At step three, the burden lies with Plaintiff to show that he has an impairment that meets or medically equals a listed impairment. Barclay v. Comm'r of Soc. Sec. Admin., 274 Fed.Appx. 738, 741 (11th Cir. 2008). For an impairment to meet a listing, a plaintiff must show that it meets all the specified medical criteria. Bailey v. Soc. Sec. Admin., Comm'r, 782 Fed.Appx. 838, 840 (11th Cir. 2019) (citing Sullivan v. Zebley, 493 U.S. 521, 530 (1990)). If an impairment meets only some criteria, then it will not qualify, no matter the severity of the impairment. Id. To meet a listing, a plaintiff must have a diagnosis included in a listing and provide medical reports documenting that the conditions meet the specific criteria of a listing and the duration requirement. Id. (citing Wilson v. Barnhart, 284 F.3d 1219, 1224 (11th Cir. 2002)). If a plaintiff satisfies all of the criteria of a listing, then he is considered disabled. McCormick v. Soc. Sec. Admin., Comm'r, 619 Fed.Appx. 855, 857 (11th Cir. 2015) (citing 20 C.F.R. § 416.920a)(4)(iii), (d).
Here, Plaintiff relies solely on Dr. Vonetes' opinion to support his argument that he met Listings 12.04 and 12.06 and the ALJ erred in failing to acknowledge Dr. Vonetes' findings. (Doc. 214-19). Dr. Vonetes, however, completed his evaluations in December 2022, nearly 11 years after the date last insured of December 31, 2011. (Tr. 501-515). Dr. Vonetes was instructed: “to determine [Plaintiff's] present level of emotional and psychological functioning . . .” (Tr. 501 (emphasis added)). The ALJ's finding pertained to the relevant time period and Dr. Vonetes' opinion focused on the present time period, nearly eleven years later. Thus, there is no inconsistency in the ALJ's statement that through the date last insured, no medical expert opined Plaintiff's impairments or combination of impairments equaled in severity to the criteria of any listed impairment.

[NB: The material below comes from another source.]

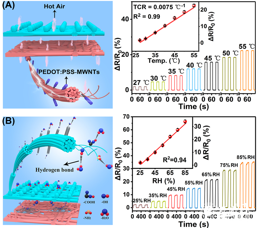 王學(xué)川教授領(lǐng)銜的生物質(zhì)與功能材料研究所長期以來一直致力于基于動物生物質(zhì)膠原及其水解物復(fù)合功能材料的研究開發(fā),該論文結(jié)合國家重點發(fā)展的柔性電子智能材料,以膠原基質(zhì)為原料構(gòu)建了多功能柔性傳感材料,為典型的跨學(xué)科交叉技術(shù)應(yīng)用,為擴寬我校輕工學(xué)科內(nèi)涵發(fā)展提供支撐。目前,實現(xiàn)柔性傳感器的生物相容性、可穿戴性、高分辨、高靈敏、低成本制造和復(fù)雜信號檢測等功能集成仍是該領(lǐng)域的重大挑戰(zhàn)。本研究以天然皮膠原為結(jié)構(gòu)基板,不同功能屬性的導(dǎo)電材料為物理摻雜導(dǎo)電構(gòu)筑單元,通過靜電紡絲技術(shù)制備雙層仿生全纖維結(jié)構(gòu)的多功能集成電子皮膚。其基于納米摩擦發(fā)電機理論,兼具自發(fā)電(壓力)、溫度和濕度檢測功能,且具有極高的壓力敏感性和寬檢測范圍、較短的濕度響應(yīng)/恢復(fù)時間、優(yōu)異的電阻溫度系數(shù)。此外,基于低成本、生物相容、透氣性好和可生物降解的優(yōu)勢,使其可廣泛應(yīng)用于智能機器人、交互式可穿戴設(shè)備和人工義肢等領(lǐng)域。該研究對生物質(zhì)膠原高值資源化及生物相容性功能集成柔性傳感材料發(fā)展具有重要的科學(xué)研究意義和應(yīng)用推廣價值。

Further, in the decision, the ALJ discussed Dr. Vonetes' findings and determined:
The opinions of Dr. Vonetes are unpersuasive for the period at issue due to lack of supportability and consistency. The
claimant's records do not reflect mental health complaints or persistent pain prior to the date last insured, and Dr. Vonetes did not identify any clinical findings from the claimant's relevant treatment records to support the existence of the mental health impairments prior to the date last insured. Dr. Vonetes opined,
Excessive thoughts, feelings/behaviors related to the somatic symptoms or associated health concerns as manifested by the following: disproportionate and persistent thoughts about the seriousness of one's symptoms; Persistently high level of anxiety about health or symptoms; and excessive time and energy devoted to these symptoms or health concerns is related to Somatic Symptom Disorder. His symptoms of depressed mood, anhedonia, loss of motivation, and thoughts of suicide are related to Major Depressive Disorder.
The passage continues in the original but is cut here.